Before that scene has ended, the audience’s focus is thrust toward a discussion between a father and his son in another corner of the stage. While the stage appeared to be a simple triangular boardwalk in the beginning, the quick changes and interesting lighting make it anything but plain.
In addition to some great lines and dramatic plot, the play had some comical moments. Noah Kaplan, who played one of the main characters, Will, did a particularly good job balancing the romantic jokes his character made with the cold and murderous mentality he displayed at the end.
The play highlighted the animalistic traits that manifest in people when they feel overwhelmed by love. “It is about people seeking the nature of love and how far we go in the heart wanting what it wants,” Wrenn said.

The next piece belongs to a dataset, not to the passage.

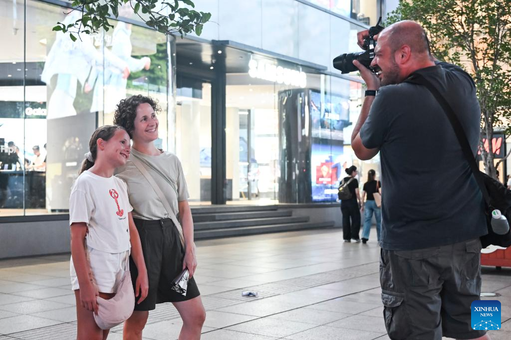 Tourist Paolo Braconi (R) from Italy takes photos for his wife Laura Brioschi (C) and daughter Bianca Braconi, at Nanjing Road in Shanghai, east China, July 17, 2025. Thanks to China’s visa-free policies and related measures, the popularity of both travel and shopping in China among foreigners has risen, serving as a boost to the country’s tourism development.

Overall, the production was a fantastic display of the students’ abilities to step up and fill roles they had never had to do independently. Wrenn could not be more proud of how well the shows went.
To put on the play is quite a rigorous project and involves a yearlong commitment to everything from selecting the play to taking leadership roles in making the production come to life. All of this is done collaboratively.
By the end of the first semester, every participant in STF must have a role that they “feel good about,” Wrenn said.
She went on to say, “It is the only time in your life where you get to pick the role that you play; I am beyond thrilled with the seniors that I am working with in Coronado. This role can mean something different to everyone.”
While directing an entire show was a new role for Wren, the theatre world was not. She has been in over 10 productions at Puget Sound, is president of the Senior Theatre Productions and has some prior directing experience. Wrenn’s passion is directing, and as Matthew Jackson told her recently, “I don’t think you will stop acting, but I don’t think you will be able to stop directing.” This enthusiasm is apparent both in the play and in they way she talks about the process of working with the actors.
“It is great to see these people do something that they have never done before and do it to the nth degree of awesome,” Wrenn said.